→ YOUR INSTRUCTIONS:
Return the stretch from the line with "Esta placa de" through the line with "Standing grill bratwurst" in the data below, character for character, skipping all pictures.

→ WORKING DATA:
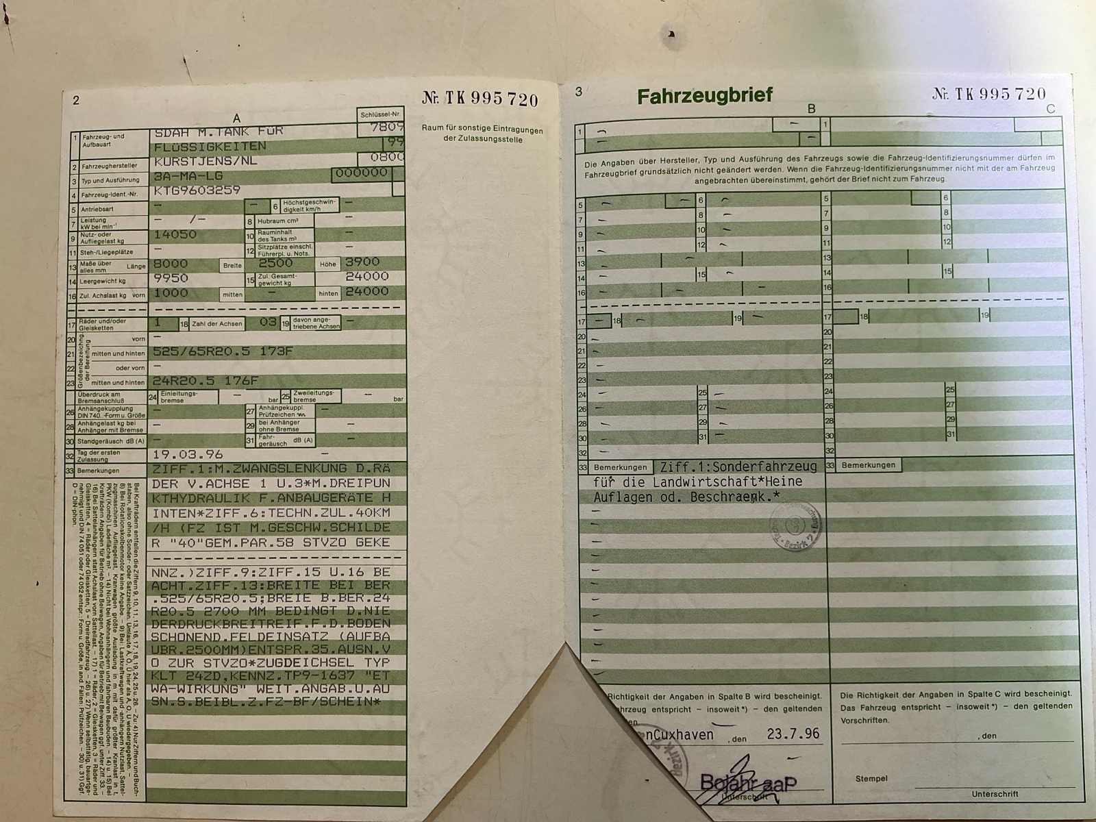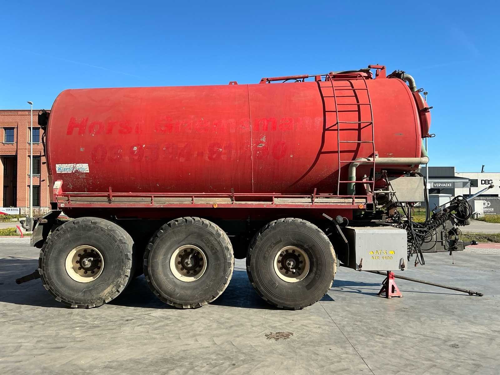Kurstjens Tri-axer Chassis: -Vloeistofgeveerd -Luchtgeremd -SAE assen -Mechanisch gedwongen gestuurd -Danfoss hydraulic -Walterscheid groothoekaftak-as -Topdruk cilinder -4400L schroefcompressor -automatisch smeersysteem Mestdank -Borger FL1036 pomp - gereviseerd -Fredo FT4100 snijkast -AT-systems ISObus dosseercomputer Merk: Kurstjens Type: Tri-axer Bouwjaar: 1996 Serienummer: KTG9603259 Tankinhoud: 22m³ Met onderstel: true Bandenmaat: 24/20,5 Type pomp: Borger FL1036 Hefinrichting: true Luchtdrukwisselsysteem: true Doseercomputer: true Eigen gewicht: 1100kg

...

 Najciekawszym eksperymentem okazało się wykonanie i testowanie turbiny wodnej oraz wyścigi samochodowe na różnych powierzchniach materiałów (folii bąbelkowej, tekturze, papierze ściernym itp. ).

---

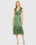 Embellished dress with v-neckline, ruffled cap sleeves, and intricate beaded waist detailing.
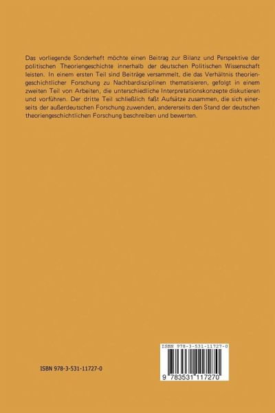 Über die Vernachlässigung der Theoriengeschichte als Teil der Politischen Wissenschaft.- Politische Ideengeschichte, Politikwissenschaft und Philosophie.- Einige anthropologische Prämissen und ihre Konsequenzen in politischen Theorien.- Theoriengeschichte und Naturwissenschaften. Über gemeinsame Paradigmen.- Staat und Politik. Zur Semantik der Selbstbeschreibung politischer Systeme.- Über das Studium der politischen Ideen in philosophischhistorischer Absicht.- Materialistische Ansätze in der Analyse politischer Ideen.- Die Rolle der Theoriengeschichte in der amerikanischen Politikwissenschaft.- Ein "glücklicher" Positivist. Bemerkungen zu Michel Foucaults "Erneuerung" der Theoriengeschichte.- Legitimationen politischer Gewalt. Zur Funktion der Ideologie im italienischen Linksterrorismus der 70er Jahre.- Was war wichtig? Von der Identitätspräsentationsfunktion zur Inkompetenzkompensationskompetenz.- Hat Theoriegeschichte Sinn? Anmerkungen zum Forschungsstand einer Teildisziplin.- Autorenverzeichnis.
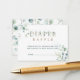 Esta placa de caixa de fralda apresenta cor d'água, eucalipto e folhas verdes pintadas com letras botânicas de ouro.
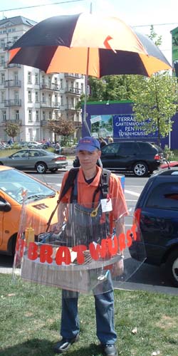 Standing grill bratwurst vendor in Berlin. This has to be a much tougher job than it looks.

→ WRITTEN RESPONSE:
 Esta placa de caixa de fralda apresenta cor d'água, eucalipto e folhas verdes pintadas com letras botânicas de ouro.
 Standing grill bratwurst vendor in Berlin. This has to be a much tougher job than it looks.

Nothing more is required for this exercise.